The return value is ((?x . a)), which is list of pairs (i.e. an association list), where each pair is a variable and its value. unify promises that these if you replace the variables in the input expressions with their corresponds values, then the two expressions will be in the same.

In other words, (unify expr1 expr2) returns a list of variable/value pairs that, when the variables in expr1 and expr2 are replaced by their values, the resulting expressions will be the same.

More examples should make this clear:

=> (unify '(?x b c) '(a b c))
((?x . a))

=> (unify '(?x b c) '(a b ?y))
((?y . c) (?x . a))

=> (unify '(?x ?x ?x) '(?y 2 ?y))
((?y . 2) (?x . ?y))

=> (unify '(?left ?op ?right) '(5 + x))
((?right . x) (?op . +) (?left . 5))

=> (unify '(?left ?op ?right) '((2 * a) - (16 / 4)))
((?right 16 / 4) (?op . -) (?left 2 * a))

If there are no assignments of values to the variables in an expression that will make them equal, then #f is returned:

=> (unify '(?s 1) '(2 ?s))
#f

=> (unify '(?s ?t) '(?s ?t ?t))
#f

If you try to unify two expressions that are the same and have no variables, or the variables can be any value, unify returns an empty list:

=> (unify '(2 (a b)) '(2 (a b)))
()

=> (unify '(?x ?x) '(?x ?x))
()

The practical value of unification is that it’s often a handy way to chop of lists into smaller parts, thus resulting in code that is shorter and easier to read.

For example, suppose we want to check that the top-level of a list is a propositional expression:

(define make-matcher
    (lambda (e1)
        (lambda (e2)
            (if (unify e1 e2)
                #t
                #f
            )
        )
    )
)

(define is-and? (make-matcher '(?x and ?y)))
(define is-or? (make-matcher '(?x or ?y)))
(define is-not? (make-matcher '(not ?x)))

The is-and?, is-or?, and is-not? functions are quite short and easy to understand, which is always a good thing in source code.

How Scheme Implements Lists

Lists in Scheme are implemented as traditional singly-linked lists. Each item in a list is represented by a cons cell, i.e. an object that contains two pointers, one to the first element of the list, and one to the rest of the list. The first pointer is called the car, and the second pointer is called the cdr.

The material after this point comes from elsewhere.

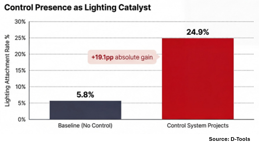 According to D-Tools, that represents a 19.1 percentage-point gap, underscoring how control platforms unlock higher-value lighting opportunities

A new cons cells is created using cons, e.g.:

=> (cons 2 3)
(2 . 3)

In Scheme, (2 . 3) is a pair, where 2 is the car of the pair, and 3 is the cdr of the pair. In a proper list, the cdr of every cons cell must point to a list, and the last cdr must be the empty list. For example, the list (1 2 3) is short-hand for the pair (1 . (2 . (3 . ()))). The car of this pair points to 1, and the cdr points to the pair (2 . (3 . ())).

The pair? function tests if an object is a pair, e.g.:

=> (pair? (cons 2 3))
#t

=> (pair? '(1 2))
#t

=> (pair? '())
#f

=> (pair? 'pear)
#f

=> (pair? '(1 . (2 . (3 . ()))))
#t

See cons cell box diagrams for examples of how to draw diagrams of pairs and lists.